I stumbled upon this poem the other day, and just loved it. Partially because of the way it reads, but mostly because of the subject. I have relatives who do – or at least did – the whole “dress up in medieval clothing” thing. I also hear about how great the past was from co-workers and acquaintances (never friends – they’re way too smart for that) about how much better things were in the “good old days”. Hell, we’re all subjected to it by politicians who want to try and paint the 50′s as a golden age where nothing was ever, ever, ever wrong. It seems to be a fact of human nature – the past always looks better than the present, no matter what your frame of reference is.

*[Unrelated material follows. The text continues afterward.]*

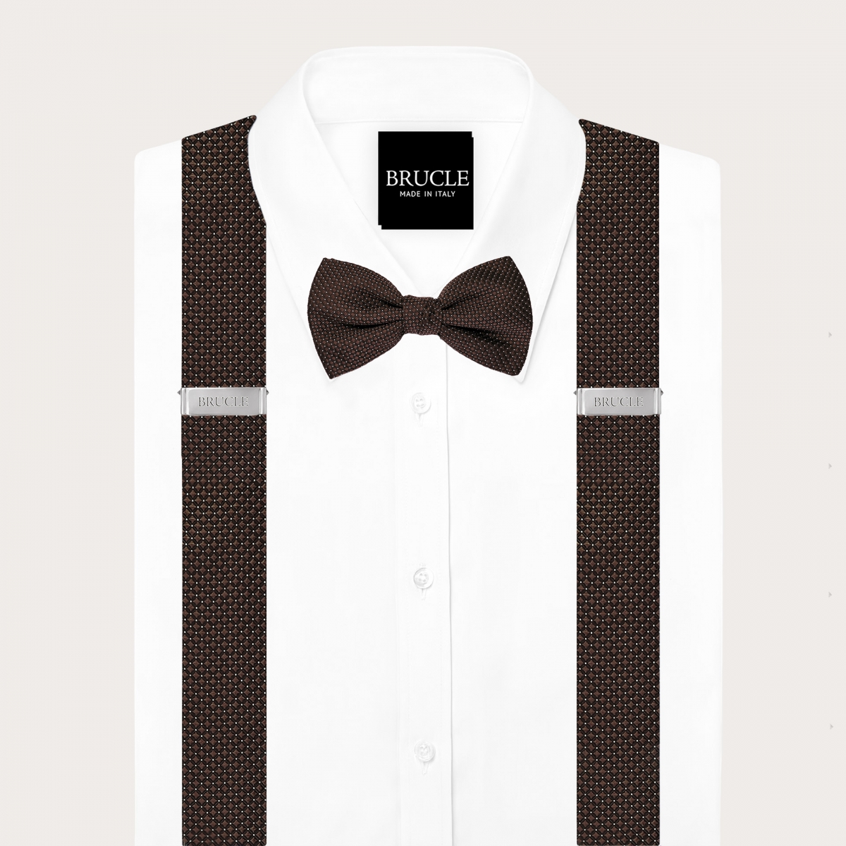 Set aus Hosenträgern und Krawatte aus brauner Nadelpunkt-Seide, elegant und raffiniert, handgefertigt in Italien.

Today’s poem uses sarcasm to point out the general silliness of this type of whitewashed nostalgia from the past by covering a few hundred years worth of “the good old days”. My favorite line is the one about “Find the cow”; for some odd reason that really cracked me up. Enjoy.

Nostalgia

Remember the 1340′s? We were doing a dance called the Catapult.
You always wore brown, the color craze of the decade,
and I was draped in one of those capes that were popular,
the ones with unicorns and pomegranates in needlework.
Everyone would pause for beer and onions in the afternoon,
and at night we would play a game called “Find the Cow.”
Everything was hand-lettered then, not like today.

Where has the summer of 1572 gone? Brocade and sonnet
marathons were the rage. We used to dress up in the flags
of rival baronies and conquer one another in cold rooms of stone.
Out on the dance floor we were all doing the Struggle
while your sister practiced the Daphne all alone in her room.
We borrowed the jargon of farriers for our slang.
These days language seems transparent a badly broken code.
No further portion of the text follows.